Alignment post-training for LLMs: lessons learned making it work

I recently completed a research project where the objective was to get a Language Model (LM) to perform entity and relationship (ER) extraction over noisy, short-form web documents, at scale.  Since the task involved processing a large volume of documents on an hourly basis, throughput speed was key - both in terms of the time-to-first-token (TTFT) and the tokens-per-second (TPS).

The LM was required to read the documents and extract a list of key entities together with succinct descriptions. Then it had to infer both the explicit and implied relationships between these entities and summarise them. Furthermore, the client had some very specific requirements about the specific kinds of entities and relationships they were interested in, and those which they were not.

This use case - fast inference on a specific task - is a great example of a situation where customising a small, efficient LM made more sense than using a frontier service. By hosting a small LM, we could engineer the set-up to achieve blazingly fast inference speeds at low cost. Furthermore, by applying post-training techniques, we could get task-specific performance of the smaller LM to a level equivalent with leading frontier models.

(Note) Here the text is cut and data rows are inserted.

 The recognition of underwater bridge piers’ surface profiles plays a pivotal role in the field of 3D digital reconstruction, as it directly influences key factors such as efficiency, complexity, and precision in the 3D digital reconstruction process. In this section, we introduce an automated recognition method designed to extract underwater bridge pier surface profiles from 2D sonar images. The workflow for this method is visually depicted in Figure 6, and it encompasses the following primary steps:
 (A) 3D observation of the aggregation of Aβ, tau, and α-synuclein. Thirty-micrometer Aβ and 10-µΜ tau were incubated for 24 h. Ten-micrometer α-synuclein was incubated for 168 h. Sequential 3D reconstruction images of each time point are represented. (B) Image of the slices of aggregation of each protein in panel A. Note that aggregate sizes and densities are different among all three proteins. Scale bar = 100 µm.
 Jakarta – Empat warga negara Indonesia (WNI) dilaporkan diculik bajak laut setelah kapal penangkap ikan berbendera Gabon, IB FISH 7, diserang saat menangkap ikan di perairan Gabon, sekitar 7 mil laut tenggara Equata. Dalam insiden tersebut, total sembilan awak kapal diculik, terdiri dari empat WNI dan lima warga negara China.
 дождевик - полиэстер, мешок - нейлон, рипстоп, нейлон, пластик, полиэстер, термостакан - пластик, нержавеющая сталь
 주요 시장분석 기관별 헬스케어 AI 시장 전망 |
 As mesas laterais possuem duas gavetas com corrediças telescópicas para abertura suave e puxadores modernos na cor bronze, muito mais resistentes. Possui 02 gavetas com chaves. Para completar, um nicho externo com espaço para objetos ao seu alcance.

In this blog, I’ll explain how we did it and what we learned along the way.

Firstly, what this post is not. There’s a host of material out there covering the theory behind post-training techniques or providing example code. I don’t cover that here. Instead, expect a description of the process we followed, a summary of the learnings and (what I hope is a helpful) bundle of practical tips for anyone else doing the same.

Start with prompt engineering

A rule-of-thumb for language models is that pre-training adds knowledge, fine-tuning controls behaviour and style, and alignment post-training matches user preferences. That said, it’s rarely clear from the outset whether the behaviours you want in your LM can be achieved via inference-time techniques or supervised fine-tuning (SFT), or whether they’ll require an alignment step. As always, work your way up the ladder of complexity, moving to the next stage only when you have confidence that your current technique isn’t going to achieve the results you require.

Therefore, we started with prompt engineering.

We began by taking the time to write - and to successively improve - an excellent prompt template. To evaluate the prompts, we needed some examples of “excellent” outputs - enough examples to show some diversity and to enable us to detect differences in prompt efficacy, but no larger, since we had to write them all by hand.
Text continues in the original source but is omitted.